Но вот что я еще помню и до сих пор не могу понять, было ли это просто галлюцинацией, или я потом себе все навоображал да задним числом "вспомнил", а может, приснилось когда, а может, и в самом деле что-то такое тогда со мной приключилось. Ведь действительно, очень странный был выстрел пальцем. Я помню еще один выстрел, после приземления, почти сразу, когда я только-только стал скульптуру из себя изображать. Я помню: сбоку, из-за угла, кто-то в черном плаще с блестками и в черной с блестками шляпе и еще с таким длиннющим шарфом почти до колен, появился на секунду и тоже на меня свой палец наставил. И губами неслышно сказал: ба-бах! И сверкнул будто луч, но совсем с другой стороны, и тоже будто в меня попали, но вот куда? И луч фикса, сама понимаешь, не сверкает, это не световой луч.

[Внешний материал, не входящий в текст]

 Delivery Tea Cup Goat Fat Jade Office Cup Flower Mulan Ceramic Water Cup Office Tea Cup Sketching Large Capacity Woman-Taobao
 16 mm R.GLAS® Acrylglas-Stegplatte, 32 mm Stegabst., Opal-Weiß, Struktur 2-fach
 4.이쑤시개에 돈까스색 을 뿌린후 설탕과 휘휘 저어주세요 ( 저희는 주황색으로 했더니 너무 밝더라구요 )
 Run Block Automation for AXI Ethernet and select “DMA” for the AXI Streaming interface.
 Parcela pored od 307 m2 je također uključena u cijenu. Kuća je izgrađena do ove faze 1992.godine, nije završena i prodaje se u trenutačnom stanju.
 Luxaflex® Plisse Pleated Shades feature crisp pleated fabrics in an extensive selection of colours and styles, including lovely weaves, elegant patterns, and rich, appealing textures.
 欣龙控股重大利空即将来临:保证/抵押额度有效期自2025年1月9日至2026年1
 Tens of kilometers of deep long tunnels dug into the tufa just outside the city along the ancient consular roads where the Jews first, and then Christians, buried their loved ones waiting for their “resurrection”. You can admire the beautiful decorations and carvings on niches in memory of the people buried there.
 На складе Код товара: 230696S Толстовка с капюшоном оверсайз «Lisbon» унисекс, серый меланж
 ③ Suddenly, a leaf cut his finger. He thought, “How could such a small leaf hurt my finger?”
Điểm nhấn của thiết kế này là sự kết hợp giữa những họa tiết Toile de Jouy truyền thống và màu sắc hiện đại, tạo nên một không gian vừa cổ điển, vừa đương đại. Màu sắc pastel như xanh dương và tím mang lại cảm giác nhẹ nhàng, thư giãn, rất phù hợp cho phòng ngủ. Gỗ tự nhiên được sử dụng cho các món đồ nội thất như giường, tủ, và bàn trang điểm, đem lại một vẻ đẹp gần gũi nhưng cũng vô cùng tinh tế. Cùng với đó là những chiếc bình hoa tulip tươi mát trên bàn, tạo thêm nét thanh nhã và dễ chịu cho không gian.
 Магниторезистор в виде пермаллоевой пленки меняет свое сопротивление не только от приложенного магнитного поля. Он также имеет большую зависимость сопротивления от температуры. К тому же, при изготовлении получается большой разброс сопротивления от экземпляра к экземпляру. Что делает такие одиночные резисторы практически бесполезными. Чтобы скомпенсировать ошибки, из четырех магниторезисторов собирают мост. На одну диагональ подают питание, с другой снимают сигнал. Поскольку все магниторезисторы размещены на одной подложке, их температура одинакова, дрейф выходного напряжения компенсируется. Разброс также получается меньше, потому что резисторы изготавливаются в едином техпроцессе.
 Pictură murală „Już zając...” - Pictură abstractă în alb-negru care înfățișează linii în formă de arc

Чувства все-таки начали отказывать, и сквозь желтые зигзаги перед глазами я едва различал убийцу. Тот внимательно и с испугом поглядел на меня, потом вернулся к Копернику, мешком лежавшему на придорожной траве, наклонился над ним, обшарил карманы. А у меня никакого с собой оружия не было, я вообще мог бы голыми руками взять этого сосунка, не то что с оружием, но закаменелое туловище, страшно тяжелое, приковало меня к земле, сплющило болью; здоровая нога тянулась к земле, и стоило отчаянных усилий держать ее на весу, в самом дурацком положении.